> _Instructions for the task_
Output all entries exactly; images excluded.
== Available data
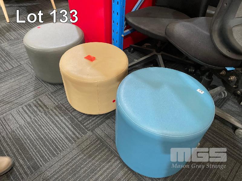 3 x ASSORTED COLOUR & SIDE LEATHER OTTOMANS
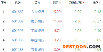 齐鲁银行、南京银行、工商银行、中国银行和农业银行位列板块涨幅榜后五位,涨幅分别为-3.29%、-2.30%、-2.08%、-1.52%和-1.30%。
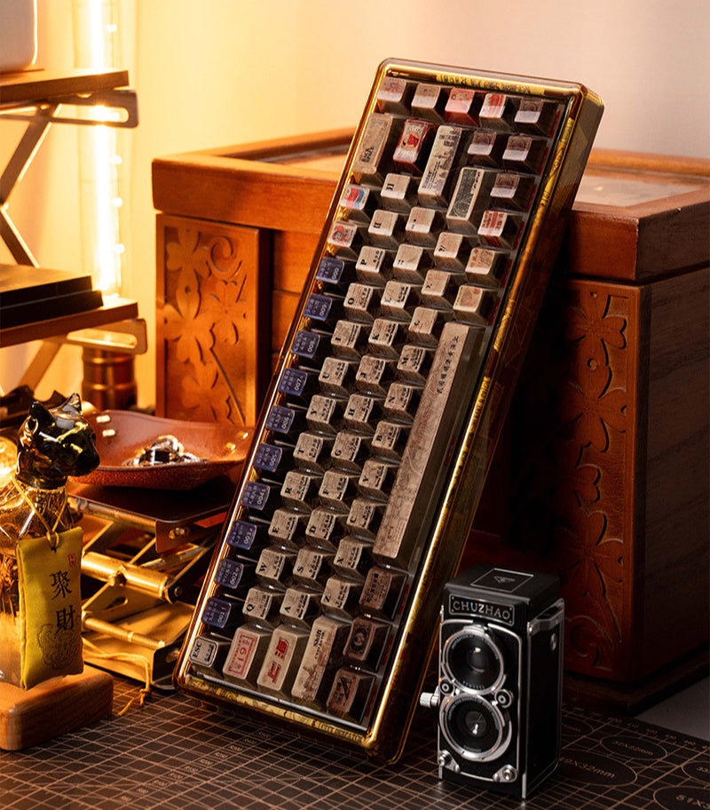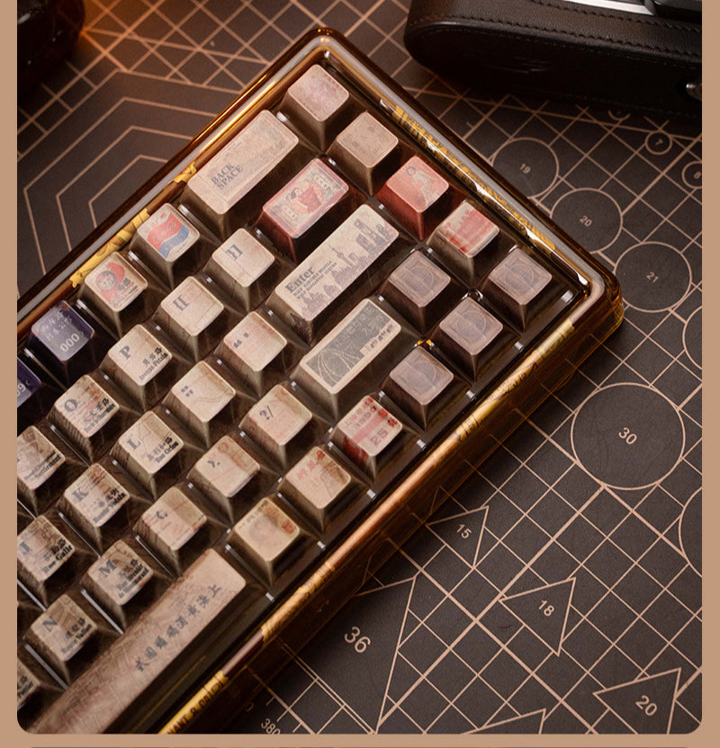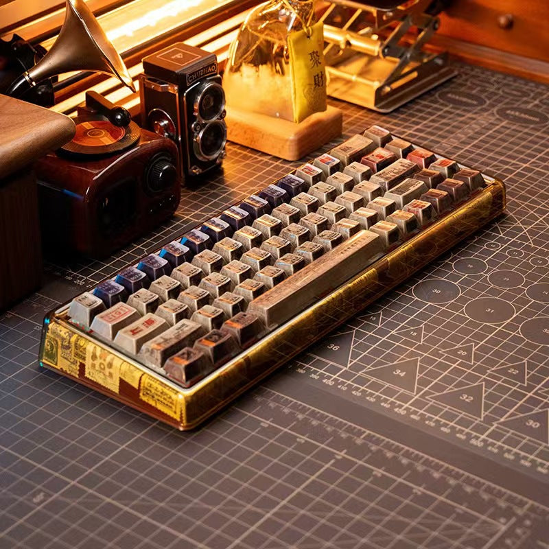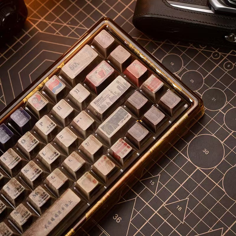 Retro style Old Shanghai metal texture keycaps, high-gloss mirror original height PBT keycaps full set
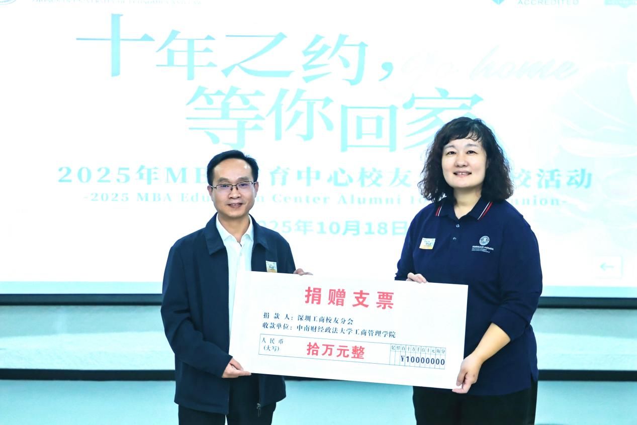 随后,会议现场播放来自深圳工商校友分会的视频祝福,并为学院捐赠十万元人民币。
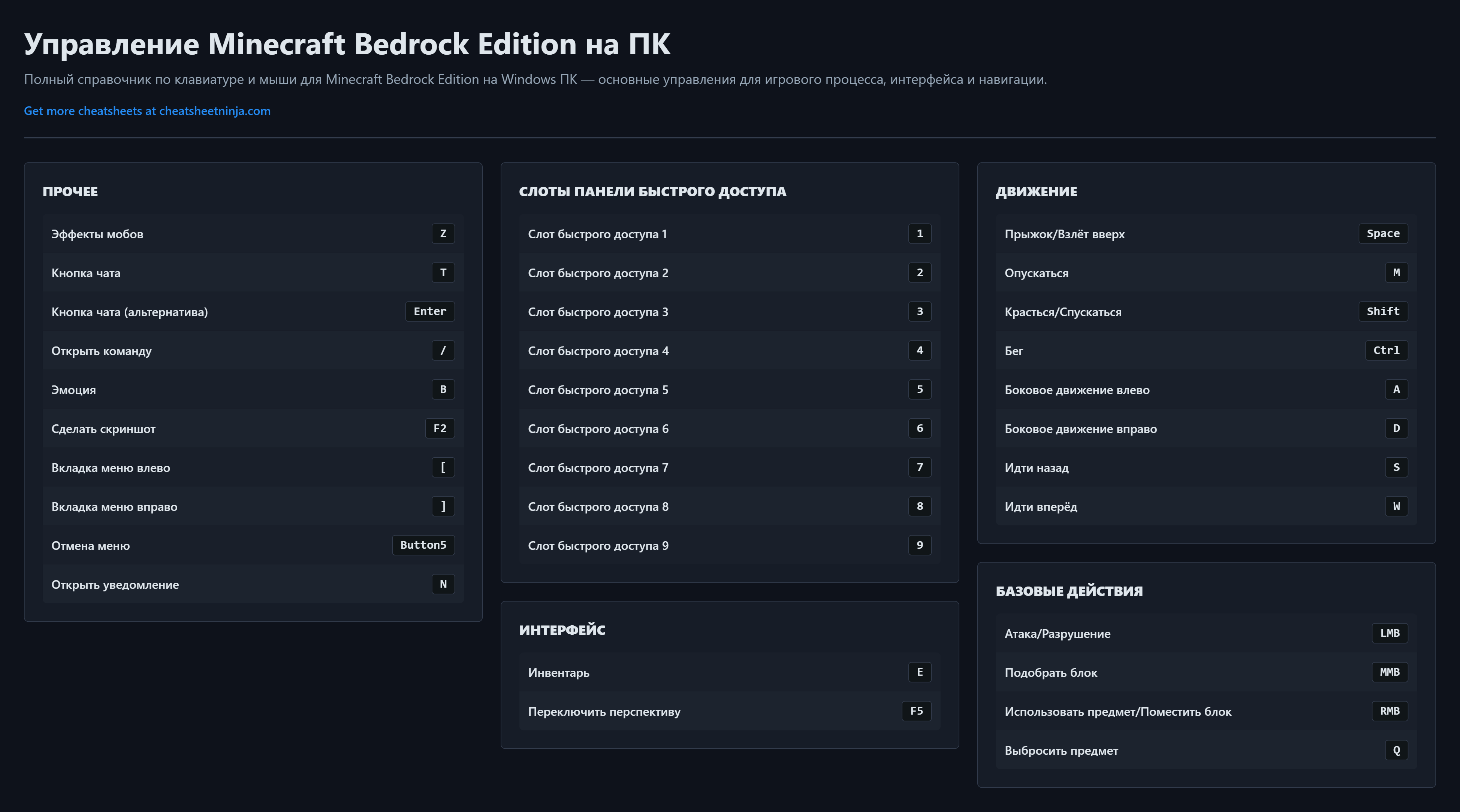 Полный справочник по клавиатуре и мыши для Minecraft Bedrock Edition на Windows ПК — основные управления для игрового процесса, интерфейса и навигации.
====
> _Result of this exercise_
 3 x ASSORTED COLOUR & SIDE LEATHER OTTOMANS
 齐鲁银行、南京银行、工商银行、中国银行和农业银行位列板块涨幅榜后五位,涨幅分别为-3.29%、-2.30%、-2.08%、-1.52%和-1.30%。
 Retro style Old Shanghai metal texture keycaps, high-gloss mirror original height PBT keycaps full set
 随后,会议现场播放来自深圳工商校友分会的视频祝福,并为学院捐赠十万元人民币。
 Полный справочник по клавиатуре и мыши для Minecraft Bedrock Edition на Windows ПК — основные управления для игрового процесса, интерфейса и навигации.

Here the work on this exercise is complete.